When I was growing up we'd never heard of things like autism, I was just the weird kid. I probably could have received a little bit of help even back then except my father was an aspiring politician and having a child with mental problems wasn't very fashionable.

Lots of people said I had problems but I disagreed. From my point of view it was everyone else that had a problem, not me. I wasn't just smarter than all the other kids in school, I was smarter than most of the teachers. And better educated. When people were determined to "fix" me and make me "be normal" I took great delight in showing how mentally impoverished they were.

I started to figure out that I was autistic 30 years before I got a diagnosis. When I did get a diagnosis I not only accepted it, I embraced it.
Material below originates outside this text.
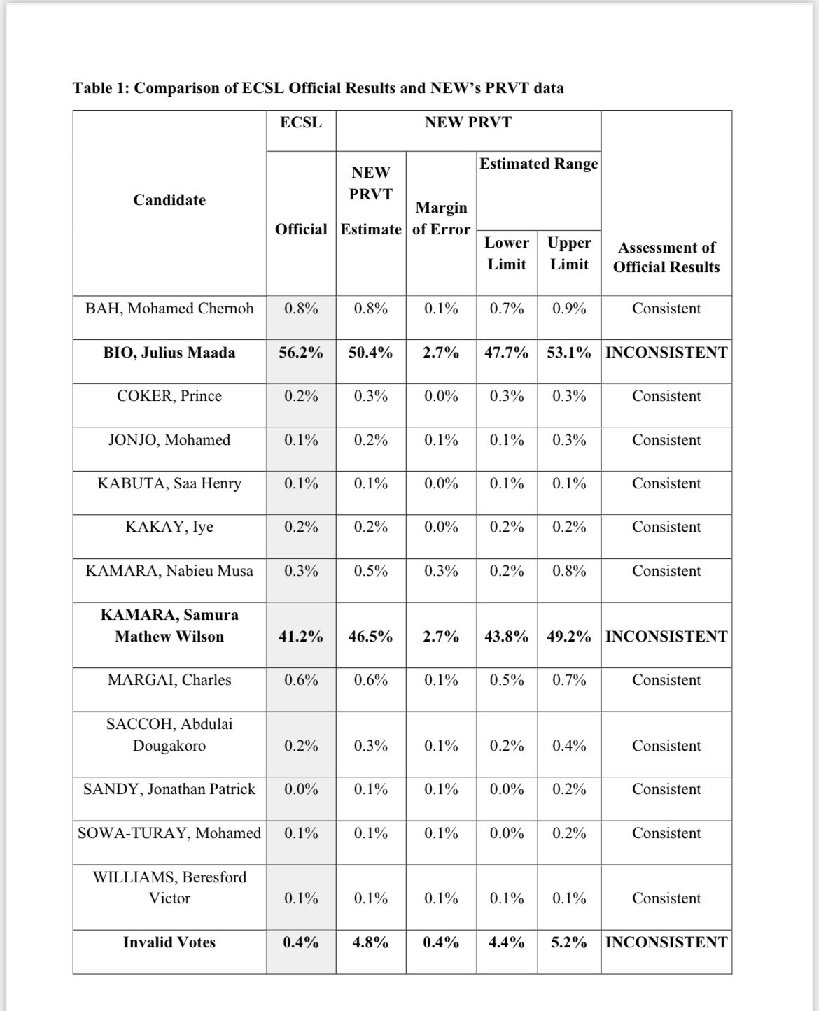 According to NEW, the candidate of the Sierra Leone People’s Party (SLPP) should receive between 47.7% and 53.1% of the vote while ECSL’s official result is 56.1%; The candidate of the All People’s Congress (APC) should receive between 43.8% and 49.2% of the vote while ECSL’s official result is 41.2%.

It gave me vindication and validation for my entire life.
 
45 years! of being inferred as a hypochondriac, then having to cope with a change, nearly 7 years on its still not quite accepted
 
. I hate to admit this, but until I was at least a teenager I was convinced that autism was an intellectual disability, and it had always been suggested to me that autistic people couldn't speak and were mentally babies or toddlers, and had only the most basic and infantile social skills. The movies that people showed to me, to explain my autism to me, only reinforced this and made it worse. So naturally I was in denial for years.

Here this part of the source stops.